Inlawproblem · 30/09/2024 15:48

So dh has a special needs sister. She lives with his parents who are early 70's.
Once again I've been told sister is coming to stay with us for a week as his parents need a break. This I don't mind but I do mind the fact that it's just assumed I will mind her. This is September and the 6th time she has stayed.
Mil won't allow social services in to help. So there is no home help even though they are entitled it.
Dh has a sister who has moved back home and "claims" careers benefits and all the trimmings that go with it. She cut down her hours in work to 15 a week on the pretence that she was stepping up to be a career. Not happening at all. Mil is still doing all the main lifting with sil eg washing, feeding.
When she comes to stay with us I end up washing/showering/bathing, spoon feeding, changing soiled pants, dealing with tantrums and have been given a black eye on a few occasions.
I can understand dh and( mil insisting that he doesn't) not wanting to wash her as she is a 40yr old grown woman but I'm done. Not once have I ever got a thank you from any of dh 3 siblings they all just bury their heads in the sand. They don't step up so it doesn't effect them.
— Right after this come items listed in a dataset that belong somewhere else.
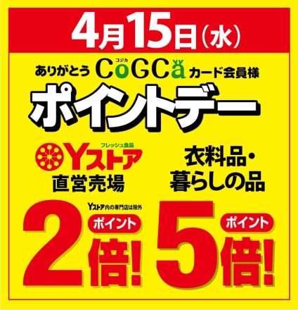 4月15日(水)は、ポイントデー開催 4月15日(水)は、ポイントデー開催 ありがと… 2時間前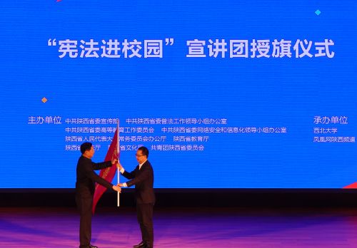 副省长、省委普法工作领导小组副组长胡明朗为“宪法进校园”宣讲团授旗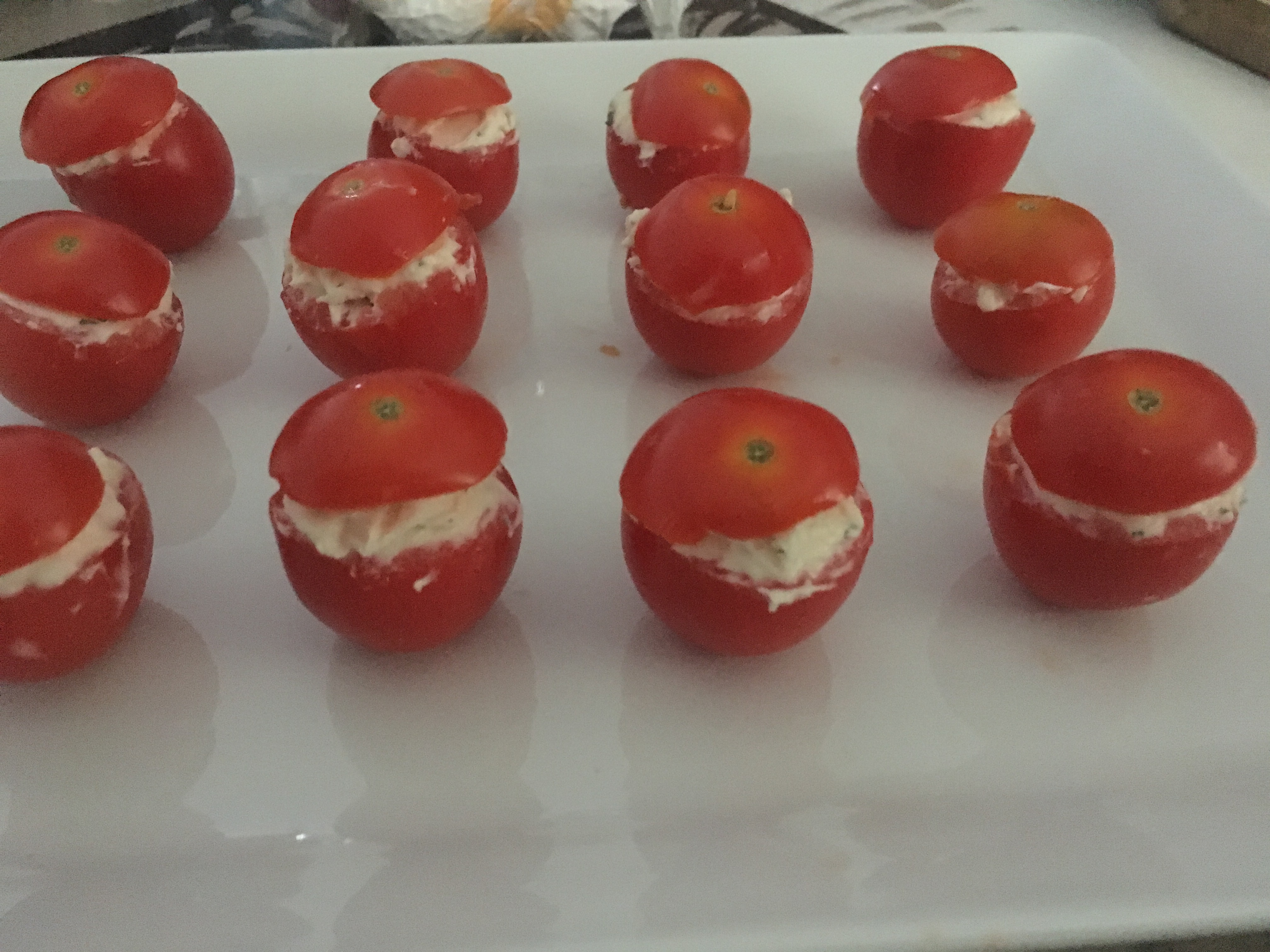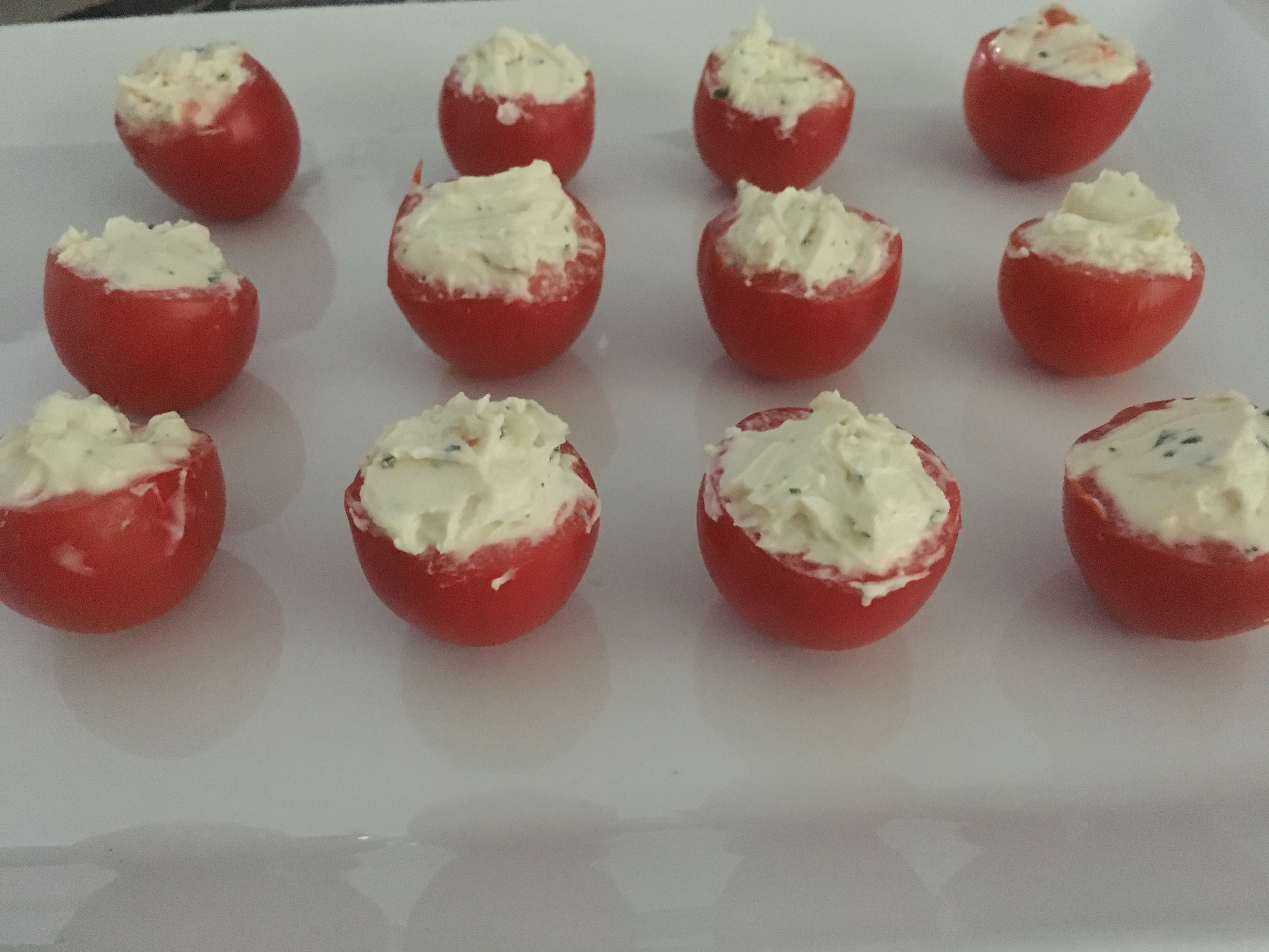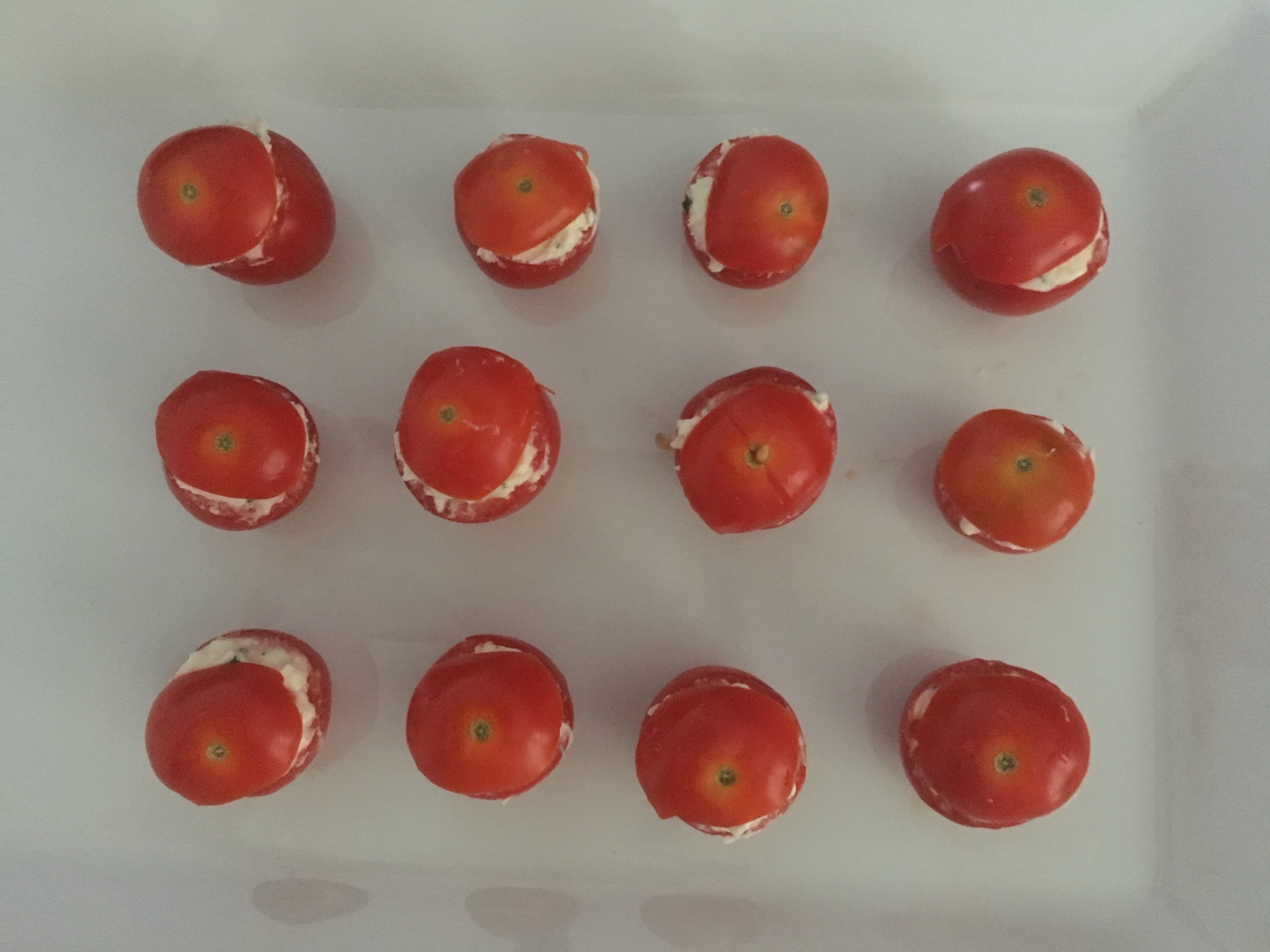 Remplir les tomates avec le fromage et remettre le chapeau. Très frais, très rapide et très simple ! Un vrai jeu d’enfant non?

My own parents after the last black eye tore strips of my dh and told him it's not on. If his own family are not getting involved I've not to be left doing it. I'm torn between packing a bag and moving back in with my parents for a week and leaving dh to deal with things or staying and helping because it is bloody hard going and the sad thing is sil doesn't understand.

OP posts:
Inlawproblem · 03/10/2024 09:55

So it didn't go well last night.
Pil are "disappointed that none of their children will help out and how that's not how they were brought up to disown their sister". Basically a guilt trip. All siblings were there and they have all said sister needs special care but they have their own families that they need to look after.
Dh asked could sister come at the weekend for a night or 2 and I said yeah sure but me and the kids won't be here. I said when home help is sorted she came come during the day but she has to go home that evening once or twice a month no more staying over.
Sister that is doing "carers" told the siblings that mil needs more and more help for herself, fil is struggling as well so she has been doing more and more for them and yes agrees sister has not been getting the right care but mil doesn't want them to know and has been trying to cover up for her. Mil has has a few dizzy spells, fell getting out of the bath and has numbness in her fingers and arms.
Dh is getting into the go to have a chat with him and see what help is available.
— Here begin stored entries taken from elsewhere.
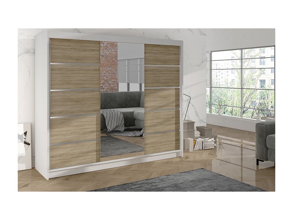 Korpus i dveře jsou vyrobeny z odolné 16 mm laminované desky s ABS hranami, které zajišťují dlouhou životnost. Posuvné dveře se hladce pohybují po hliníkových vodicích lištách. Skříň je dostupná v několika atraktivních barevných provedeních, takže ji snadno sladíte s ostatním nábytkem.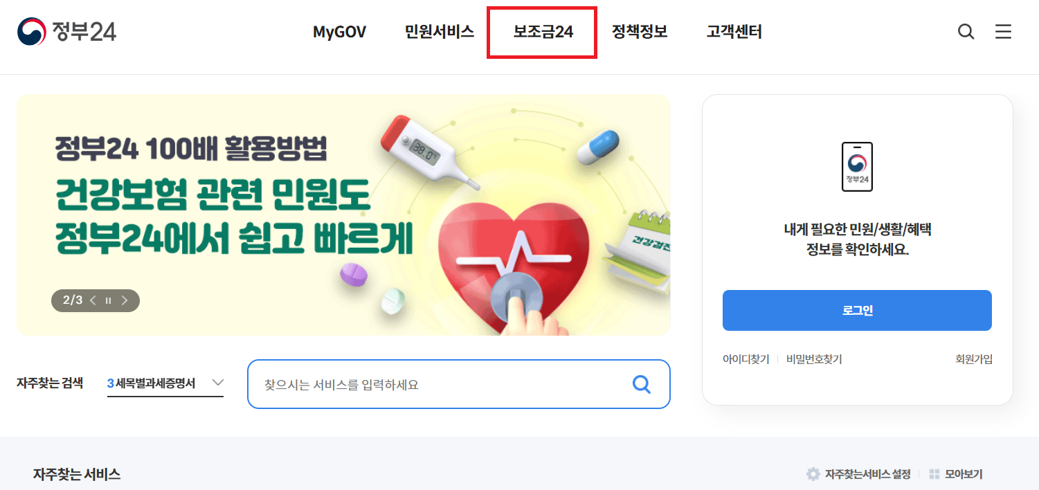 정부24 홈페이지 > 보조금24 탭을 클릭해줍니다.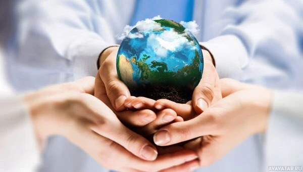 The image shows two hands gently holding a model of the Earth between them, symbolizing care or protection for our planet. The hands are placed close together, suggesting unity and collaboration in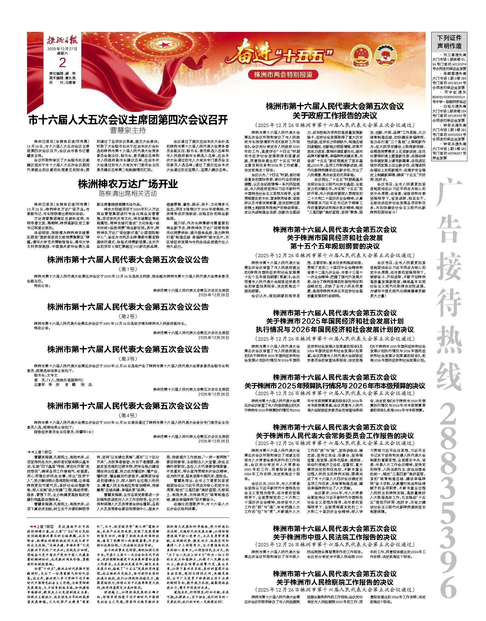 2025年12月27日《株洲日报》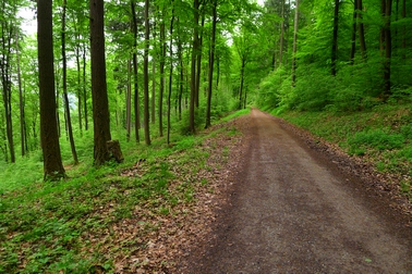Just before reaching the top, disaster struck when I stepped onto a large flat rock. Suddenly and without warning, both feet slipped back and I fell face first onto the rock. I had no time to break my fall with my hands and my face took the full force of the fall. Luckily my head narrowly missed a jagged rock as I fell. I think I was unconscious for a short time and just laid in pain on the rock in the running water for quite a while whilst using my tongue to examine if I still had all my teeth. My right leg was badly cut and grazed. I had no mirror to examine my face, but later found my jaw was heavily bruised and my lower lip was quite swollen. I felt quite shaken by this accident, but luckily no serious damage was done. After applying some first aid and a couple of medicinal shots of Obstler, I carried on to the top of the ravine. When I reached the top, there were no signs whatsoever. I had the choice of going left or right. It was just as well that I had brought a detailed map with me today. After some studying, calculation and guesswork, I decided to go left and make my way towards Lindach. I spent the next few miles on more forestry roads, using map & GPS to navigate. The forest was deserted and I stopped at a pile of logs and made lunch. Following the paths downhill, I eventually reached the village of Lindach and found the bahnhof. My luck with synchronizing my walks with train times had still deserted me as I arrived on a platform just in time to watch the hourly train to Mosbach arrive and depart from the opposite platform. Lindach has no shops, bars, restaurants, night clubs or museums. It does have a fire station and a very old rathaus though. After thoroughly exploring the village in less than 10 minutes, I was glad I'd packed my iPod and sat on the station bench listening to Schumann until the next train eventually arrived. The Frühlingsfest was still in full swing when i got back to Mosbach. I was now finding the fair very tedious and avoided the centre, eating at the Greek restaurant under the hotel instead. My bruised and battered face attracted some odd looks from fellow diners.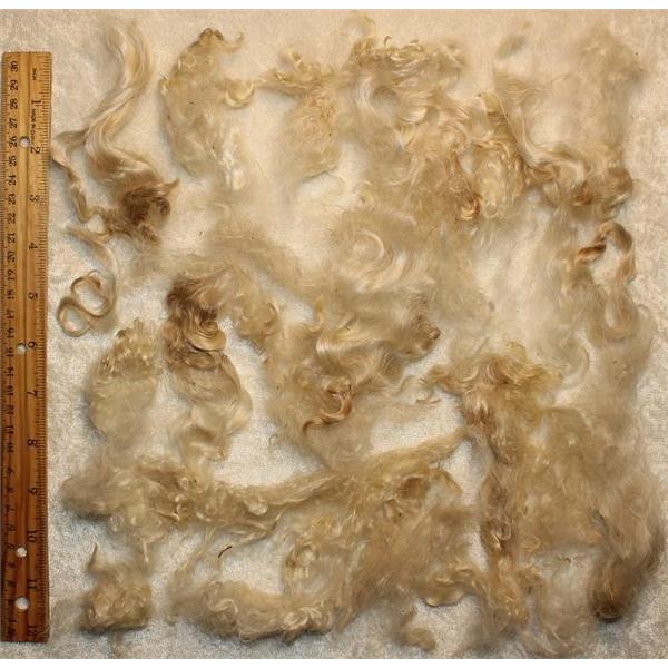 The washed white mohair curls color is a natural creamy white may have some slightly tan tips , This is sold in one oz lots so you can buy what you need .This is a great length for doll wigs , wonderfully shiny and ready to dye into ringlets in any color you need for your fairy or doll . shown as it came off the dryer this is washed but not picked, the mohair has great color , Any small bits of bedding or hay will mostly fall out during proccessing and combing the fiber . ( best done after wefting or dyeing )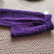 Hand knitted in pink sparkle yarn . This is a half to 3/4 length coat . Would suit a long back lady dog. The chest measurement is most important. Chest 18 inches. Underside 11 inches over-all length 15 inches. Machine washable on low.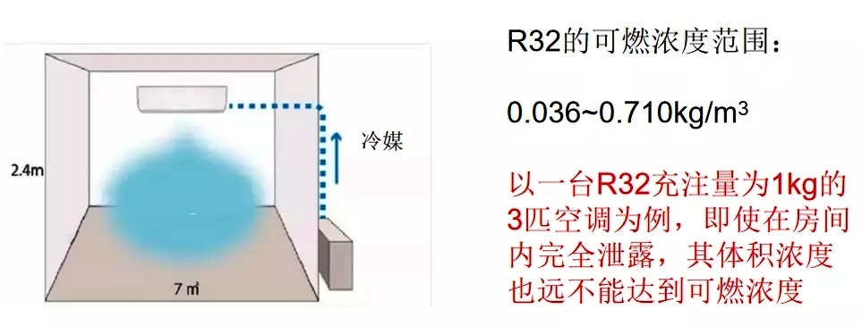 首先,R32的燃点高达648℃,可燃浓度范围较高,就算一台3匹柜机空调的冷媒在房间内全部泄露,也远未达到燃烧极限。

Thanks for all the advice and support.
Caring for others is a thankless calling and I hope everyone who has been in this situation is looking after themselves and realize theres no shame asking for help. X

OP posts:
goodboystepup · 03/10/2024 11:09

You're not disowning her. You're just not personally doing her personal care.

There's nothing stopping your DH of his siblings doing it. Nothing to do with you.

vix3rd · 03/10/2024 11:33

So a person I work with has a Downs Syndrome sister & she was also kept at home & the father wouldn't hear of her going anywhere else.
Recently the father died &, as they were living in a council house, the sister had to move into assisted living accommodation, as the council wanted the house back. She couldn't cope by herself but also didn't want to live with her brothers or sisters.

SS arranged for her to move into a shared house (4 bedrooms with full time carers who look after them, organise trips & day centres for the residents) but did say the move would have been easier if her parents had been alive to help her move and acclimatise - As it is she's adjusted really well & is out and about with her carers living her best life !

What kind of home is it the siblings think she'll be going to because I'm pretty sure there's none of them left in the country, it's all carers now.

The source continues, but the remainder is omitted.